James was no stranger to hardship.  His family of origin was large and poor; his mother exuded love for God, but James fell into gang life.  James shared, in a matter-of-fact way, about being on the receiving end of bullets shot with the intent to kill, and about renewing his relationship with Jesus while in solitary confinement.  By his thirties he had earned his release and begun the life of a working family man.

The seeds of faith within James grew stronger as he confronted his illness.  He began speaking openly about his mortality, slowly building his trust in God to care for his loved ones when he could no longer do so.  At the same time his faith also intensified his will to push through pain toward recovery.  James began making steady progress, putting on weight, then walking a few steps, eventually climbing stairs.

As the prospect of discharge to home came into view, James wanted to explore “a new kind of prayer”—one that felt truly authentic, not formulaic.  Above all, he wanted to express gratitude for his life—not just the domestic life he looked forward to going home to, but every step of the journey that made him the person he is today.  He had come to embrace himself fully as a child of God.

I adopted the tagline “Practicing Hope Amid Loss” for many reasons.  Hope, like gratitude, is a muscle that develops strength with practice.  Krista Tippett adds, “[Hope] is not wishful thinking, and it’s not idealism.  It’s an imaginative leap.”[1]  The challenge of our elder years, it seems to me, is finding that place where we can be fully present to and engaged with loss while, at the same time, not losing faith that light remains in the darkness.  Some days that feels like quite the imaginative leap.

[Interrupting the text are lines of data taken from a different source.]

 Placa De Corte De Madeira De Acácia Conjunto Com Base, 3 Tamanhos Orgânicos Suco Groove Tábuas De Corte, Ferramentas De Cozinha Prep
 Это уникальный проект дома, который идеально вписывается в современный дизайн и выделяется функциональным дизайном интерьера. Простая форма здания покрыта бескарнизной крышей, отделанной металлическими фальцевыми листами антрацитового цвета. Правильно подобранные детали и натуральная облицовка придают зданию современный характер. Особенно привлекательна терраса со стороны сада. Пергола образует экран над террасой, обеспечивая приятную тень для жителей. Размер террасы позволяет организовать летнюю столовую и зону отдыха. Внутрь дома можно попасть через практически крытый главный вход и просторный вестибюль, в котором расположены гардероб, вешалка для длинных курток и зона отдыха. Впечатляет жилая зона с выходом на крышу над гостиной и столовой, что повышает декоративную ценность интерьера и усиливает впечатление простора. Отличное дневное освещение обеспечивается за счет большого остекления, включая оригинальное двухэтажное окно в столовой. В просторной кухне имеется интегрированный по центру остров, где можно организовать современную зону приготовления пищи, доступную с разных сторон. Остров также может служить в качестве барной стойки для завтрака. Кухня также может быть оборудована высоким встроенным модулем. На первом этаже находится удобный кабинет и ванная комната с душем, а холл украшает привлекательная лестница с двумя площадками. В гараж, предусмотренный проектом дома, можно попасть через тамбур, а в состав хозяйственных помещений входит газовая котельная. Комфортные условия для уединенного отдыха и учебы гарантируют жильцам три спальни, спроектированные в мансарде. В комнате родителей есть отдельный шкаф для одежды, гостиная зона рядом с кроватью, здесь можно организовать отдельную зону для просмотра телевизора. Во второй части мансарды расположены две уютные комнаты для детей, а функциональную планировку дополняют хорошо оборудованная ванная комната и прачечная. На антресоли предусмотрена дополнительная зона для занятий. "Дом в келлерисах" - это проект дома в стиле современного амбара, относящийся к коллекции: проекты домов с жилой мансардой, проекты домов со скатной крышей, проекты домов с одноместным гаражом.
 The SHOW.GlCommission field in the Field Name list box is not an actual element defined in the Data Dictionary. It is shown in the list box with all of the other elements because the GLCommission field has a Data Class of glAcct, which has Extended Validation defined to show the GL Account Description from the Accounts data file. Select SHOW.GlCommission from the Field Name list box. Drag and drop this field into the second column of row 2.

My eight visits with James, spread over four weeks, gave me a master class in practicing hope.  Since the onset of COVID our family has endured one health crisis after another, and sometimes I have struggled to imagine positive outcomes.  After one of these crises hit, my supervisor commented that it would be entirely understandable if I needed to take some time away from chaplaincy.  But I was finding that chaplaincy work was helping me keep my situation in perspective, even inspiring me.  Shortly thereafter I met James, and for that I am forever grateful.  He turned out to be just what I needed.

My training taught me to keep my situation “out of the room,” to focus fully on James and get my own needs met elsewhere.  It wasn’t difficult—James’s life experiences were so far removed from mine, and his personality and needs were so intense, that there wasn’t room for me in that room anyway.  Later, reflecting quietly, I could see how he was raising and addressing many of the same questions and fears that had been filling my mind.  He not only challenged me to adopt a posture of hope, he showed me what it looked like to practice hope in the midst of loss.

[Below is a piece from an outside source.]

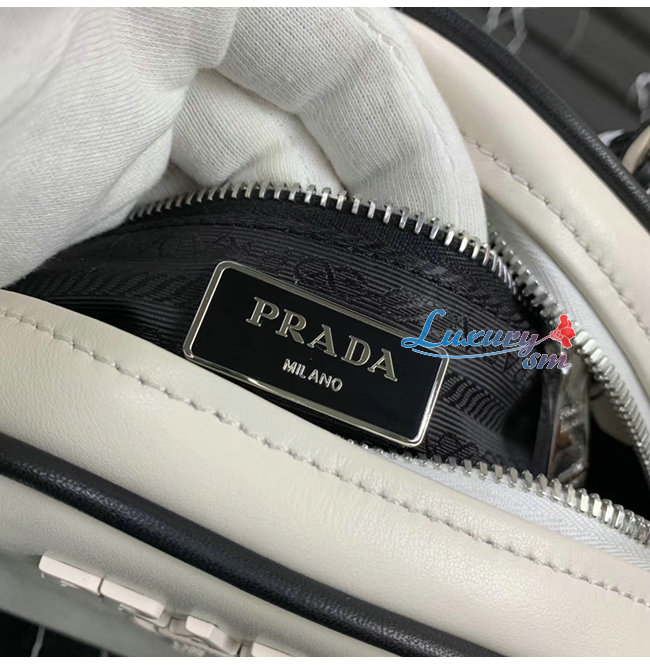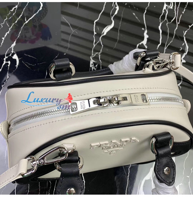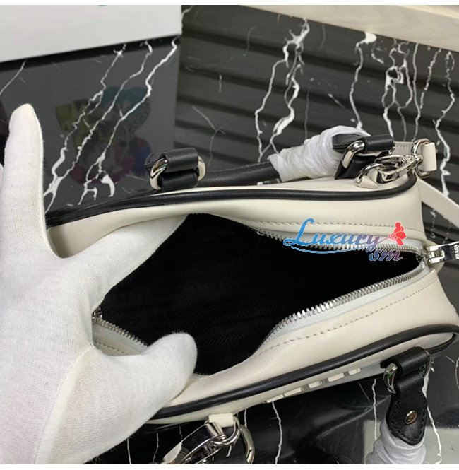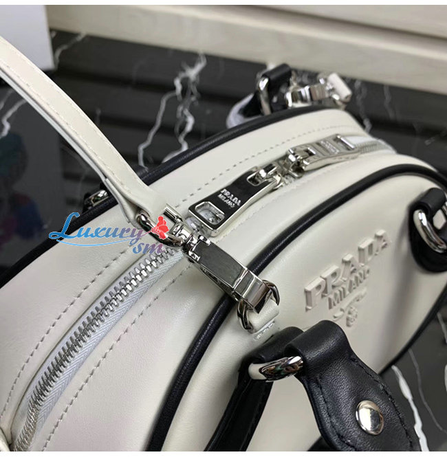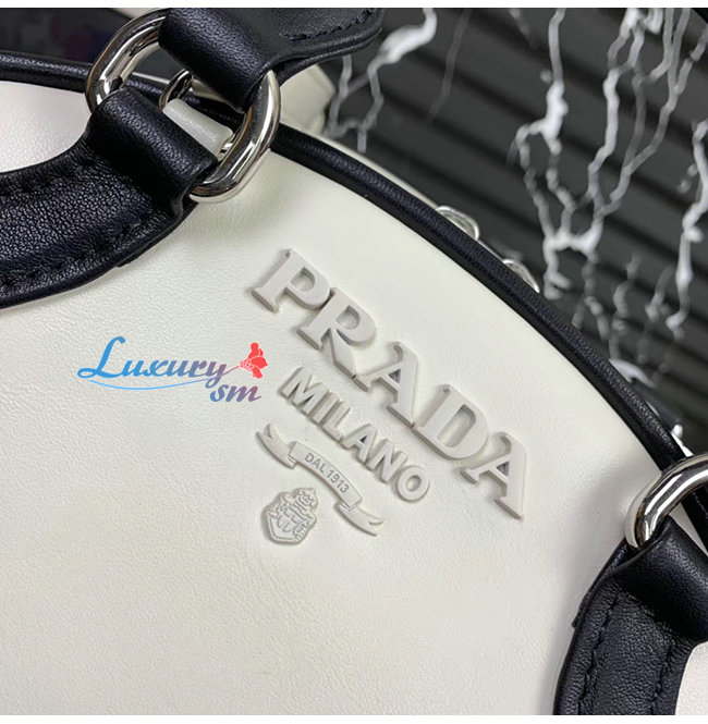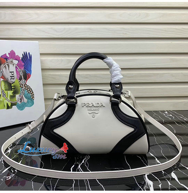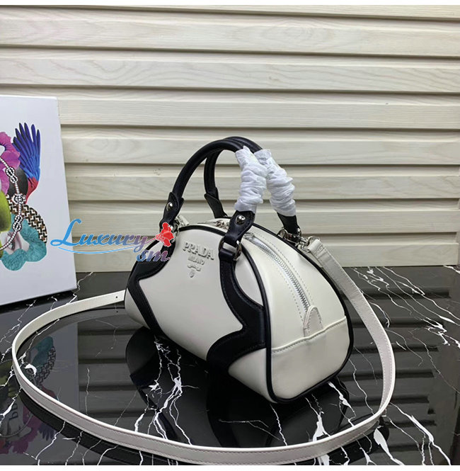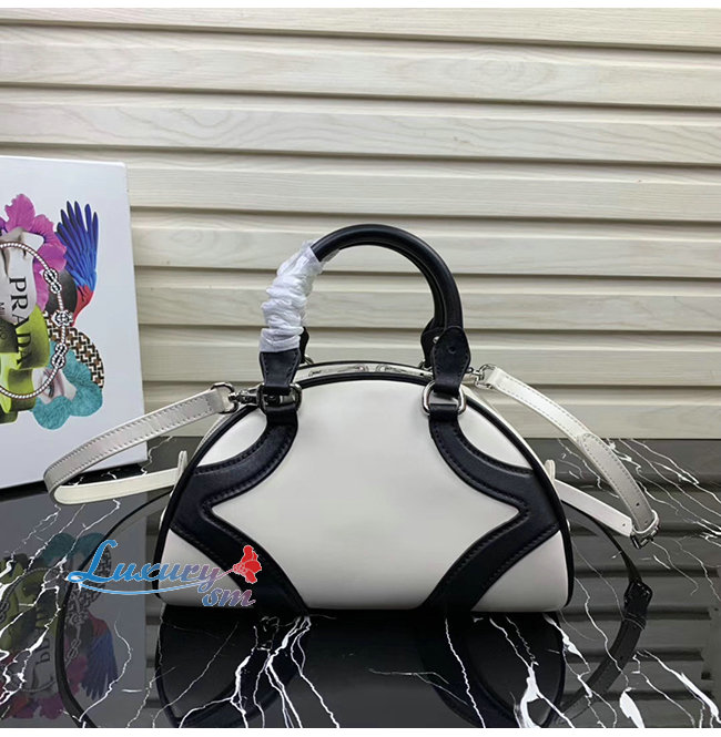[스페셜오더]PRADA-1BB071 프라다 화이트/블랙 송아지 가죽 볼링백

In the end, James’s hope bore fruit:  he received what he had been seeking—more time with his family.  In the end, I have been blessed, too—our health crises have left their mark, but our spirits have been strengthened.  Many situations we confront as chaplains—and as humans—seem to have no possibility of a happy ending.  I believe it is good for us to build up our muscles of hope whenever we can so that they may become a source of strength when the loss that surrounds us becomes deeper.


[1] Krista Tippett Wants You to See All the Hope That’s Being Hidden, NY Times, July 10, 2022.